Exercise prompt: Write out everything in the records exactly, apart from the pictures.
*** Block opens ***
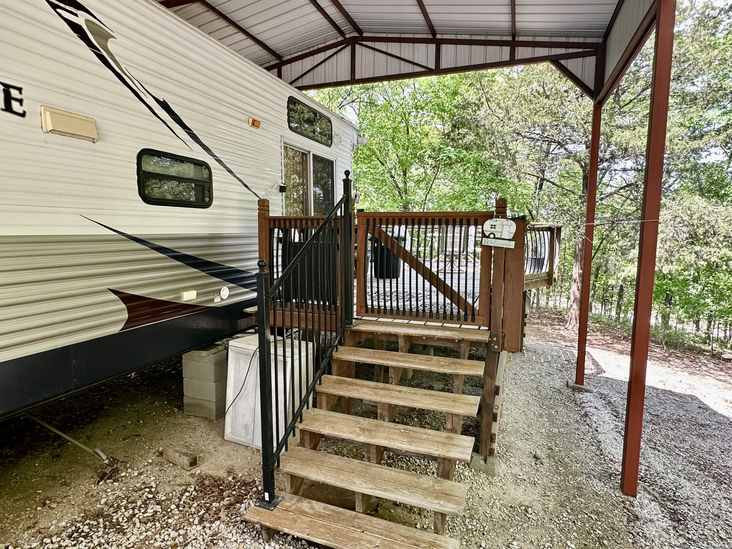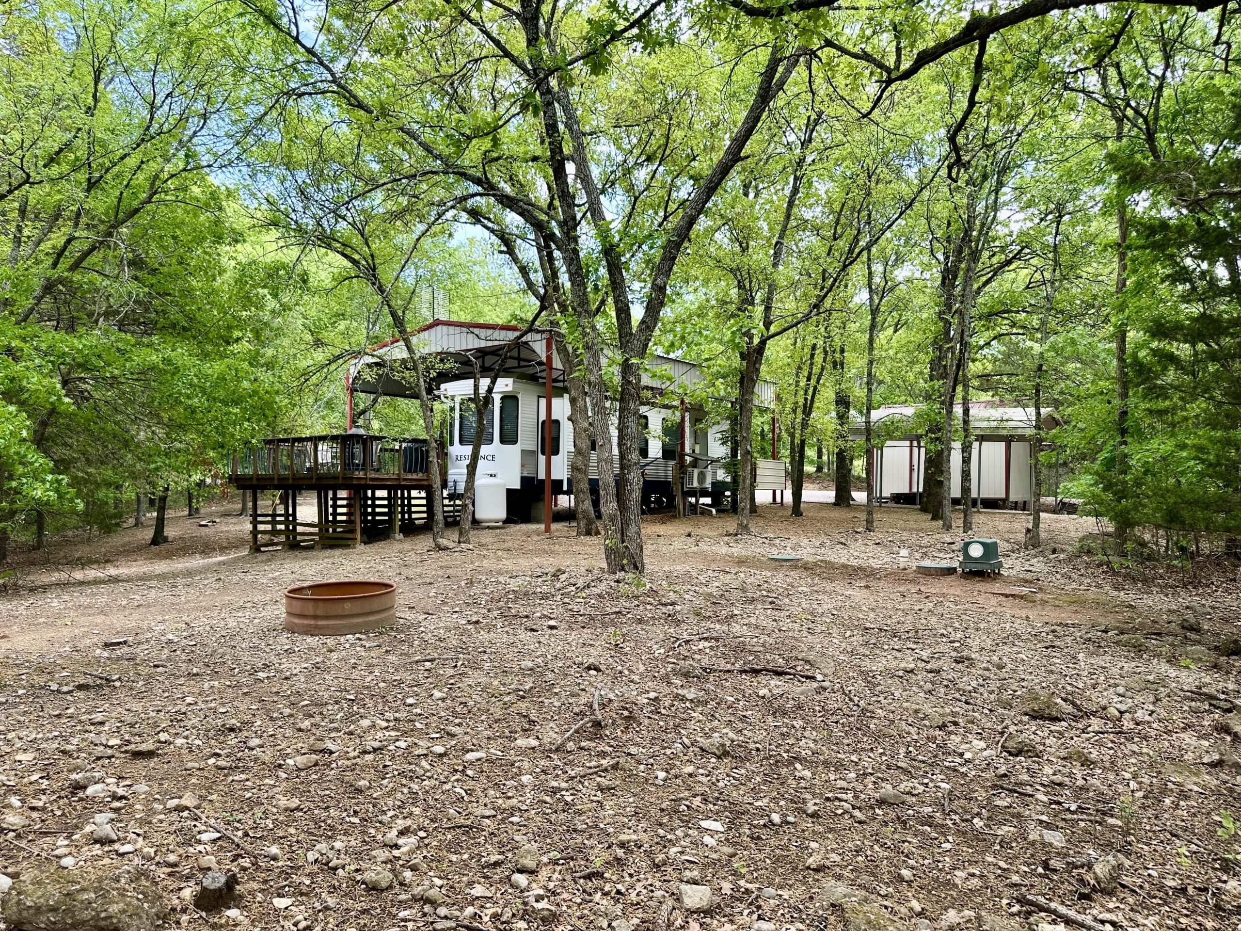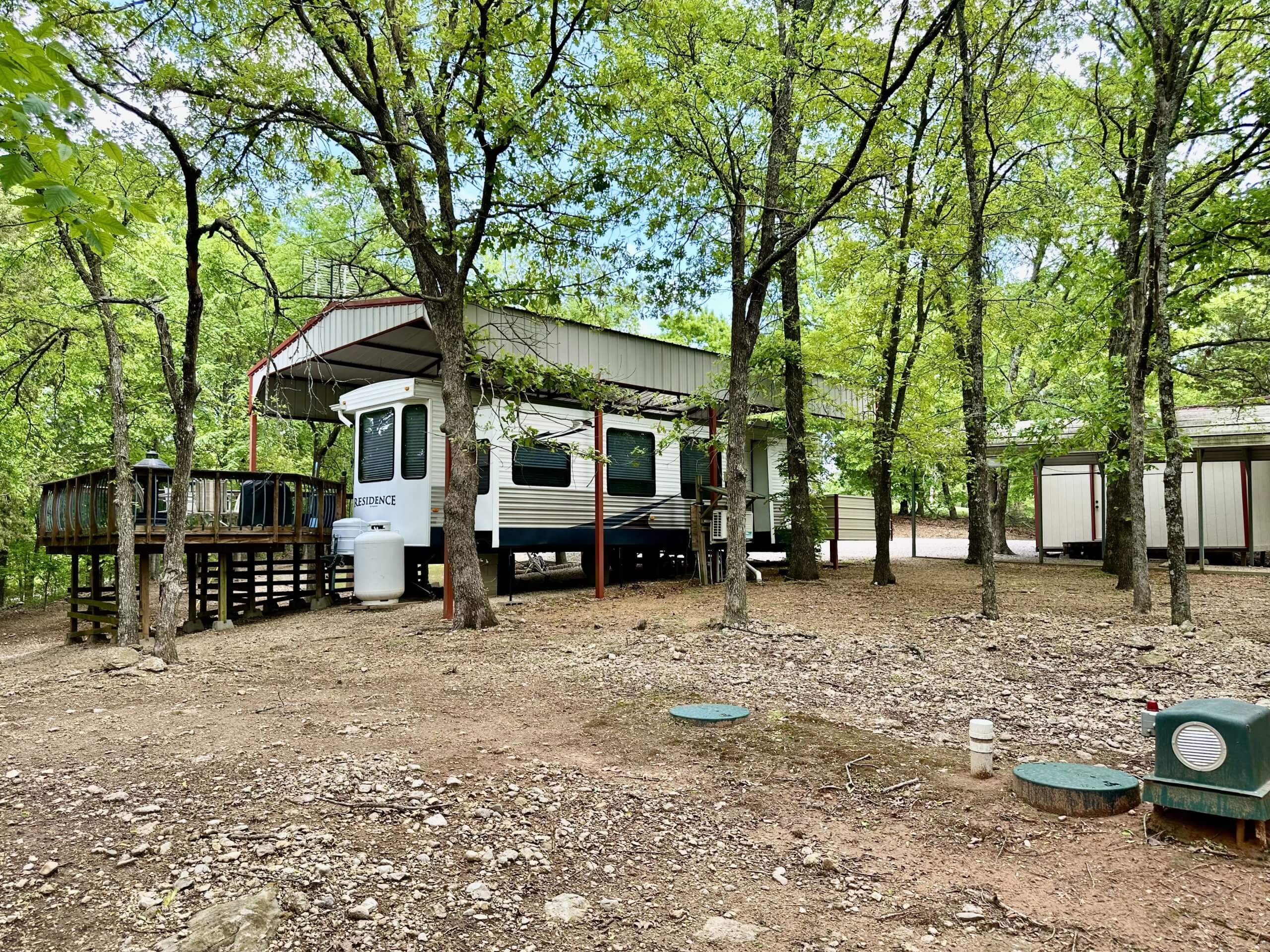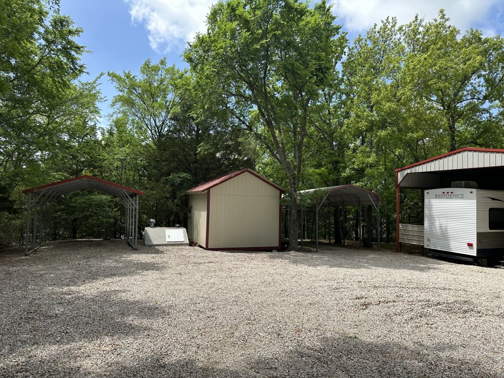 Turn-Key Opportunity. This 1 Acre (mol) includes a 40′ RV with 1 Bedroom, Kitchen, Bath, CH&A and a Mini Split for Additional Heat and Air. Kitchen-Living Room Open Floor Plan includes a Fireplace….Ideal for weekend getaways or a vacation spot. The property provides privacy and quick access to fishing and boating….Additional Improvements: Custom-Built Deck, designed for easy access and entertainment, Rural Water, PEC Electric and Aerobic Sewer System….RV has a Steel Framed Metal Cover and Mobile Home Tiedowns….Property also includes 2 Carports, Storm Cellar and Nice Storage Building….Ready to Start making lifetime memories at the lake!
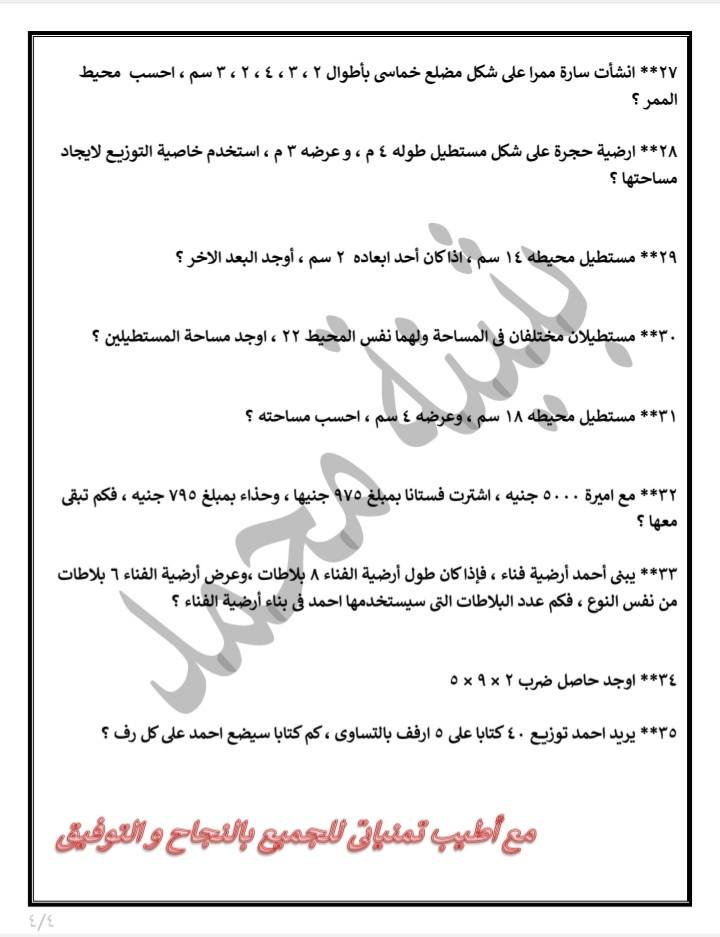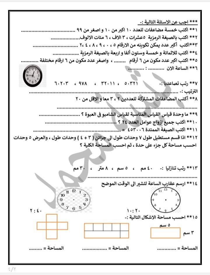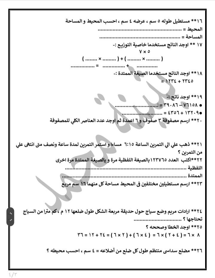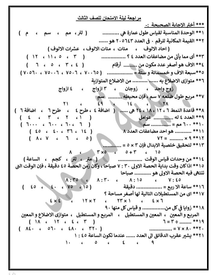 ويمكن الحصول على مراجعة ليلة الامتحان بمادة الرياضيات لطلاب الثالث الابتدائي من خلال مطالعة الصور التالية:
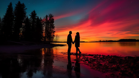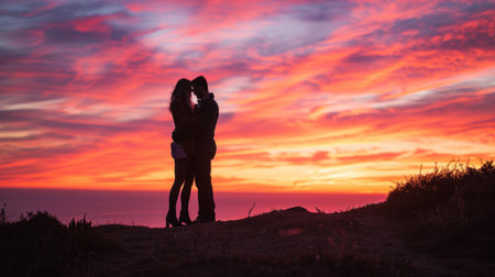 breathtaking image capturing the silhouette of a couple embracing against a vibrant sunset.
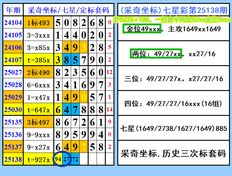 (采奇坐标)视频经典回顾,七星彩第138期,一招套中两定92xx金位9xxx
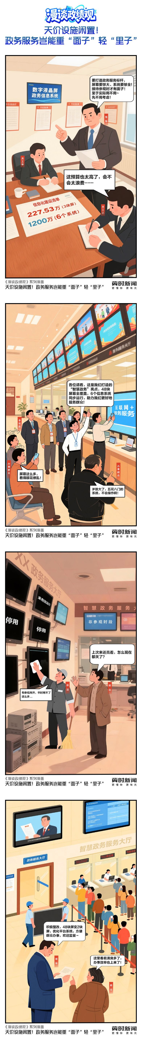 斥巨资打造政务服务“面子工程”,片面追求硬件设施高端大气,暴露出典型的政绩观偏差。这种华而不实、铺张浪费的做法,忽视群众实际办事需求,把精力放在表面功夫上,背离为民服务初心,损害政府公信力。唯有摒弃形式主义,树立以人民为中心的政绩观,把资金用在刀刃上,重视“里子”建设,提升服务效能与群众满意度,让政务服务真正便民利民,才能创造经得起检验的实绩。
*** Block closes ***
Completed task:
 Turn-Key Opportunity. This 1 Acre (mol) includes a 40′ RV with 1 Bedroom, Kitchen, Bath, CH&A and a Mini Split for Additional Heat and Air. Kitchen-Living Room Open Floor Plan includes a Fireplace….Ideal for weekend getaways or a vacation spot. The property provides privacy and quick access to fishing and boating….Additional Improvements: Custom-Built Deck, designed for easy access and entertainment, Rural Water, PEC Electric and Aerobic Sewer System….RV has a Steel Framed Metal Cover and Mobile Home Tiedowns….Property also includes 2 Carports, Storm Cellar and Nice Storage Building….Ready to Start making lifetime memories at the lake!
 ويمكن الحصول على مراجعة ليلة الامتحان بمادة الرياضيات لطلاب الثالث الابتدائي من خلال مطالعة الصور التالية:
 breathtaking image capturing the silhouette of a couple embracing against a vibrant sunset.
 (采奇坐标)视频经典回顾,七星彩第138期,一招套中两定92xx金位9xxx
 斥巨资打造政务服务“面子工程”,片面追求硬件设施高端大气,暴露出典型的政绩观偏差。这种华而不实、铺张浪费的做法,忽视群众实际办事需求,把精力放在表面功夫上,背离为民服务初心,损害政府公信力。唯有摒弃形式主义,树立以人民为中心的政绩观,把资金用在刀刃上,重视“里子”建设,提升服务效能与群众满意度,让政务服务真正便民利民,才能创造经得起检验的实绩。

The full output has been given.